- Born: Edward Hardy Harrison August 28, 1926 Wingate, County Durham, England
- Died: January 16, 2015 (aged 88) Victoria, British Columbia, Canada
- Known for: Painter

= Ted Harrison =

English painter (1926–2015)

Edward Hardy Harrison LL.D. (August 28, 1926 – January 16, 2015) was an English-Canadian artist who created many paintings of the Yukon.

==Early life and education==

Ted Harrison was born in Wingate, County Durham, England, in 1926. He started to paint at the West Hartlepool School of Art in England. Although interrupted by war, Harrison went on to complete his studies, being awarded a National Diploma in Design from the College in 1949. His subsequent earning of a teaching certificate from the University of Durham and a B.Ed from the University of Alberta, led to a teaching career that lasted almost three decades.

== Career ==
Beginning in 1968, Harrison resided in Yukon, Canada, a location with prominence in many of his works. He stayed there until 1993. His work from this period focused on the colours and culture of the Yukon.

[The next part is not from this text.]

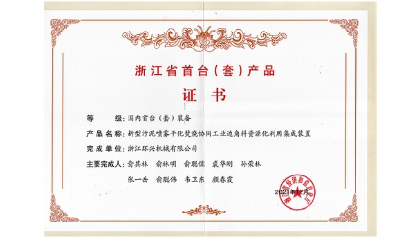 目前,環興機械已建成近30條污泥噴霧干化焚燒生產線,污泥處理工程規模達8000噸/天。2021年,企業獲評國家級專精特新“小巨人”企業。同時,新型污泥噴霧干化焚燒裝置被評為國內首臺(套)裝備,目前正在申報國際首臺(套)裝備,相關技術和設備已進入浙江、安徽、江蘇、山東、內蒙古等全國市場,以及孟加拉國等國際市場。

He worked, from the 1970s and thus in his post-academic capacity, not only as an artist but also as an illustrator and author. His work in the field earned him a national first: selection for the International Children’s book Exhibition in Bologna, Italy. One of his illustrations is of the Robert Service poem "The Cremation of Sam McGee". He often tried
unexpected colours to depicted features.

In 1987, Harrison was made a Member of the Order of Canada for his contributions to Canadian culture. He also held honorary doctorates from Athabasca University (1991), the University of Victoria (1998) and the University of Alberta (2005). He was made a member of the Royal Canadian Academy of Arts

== Personal life ==
Harrison's wife, Nicky, died from Alzheimer's disease in 2000. Harrison subsequently helped raise money for Alzheimer foundations. Harrison died in his sleep at the age of 88 on January 16, 2015.

==Personal archive==
In 2011, Harrison donated his personal archive to the University of Victoria's Library.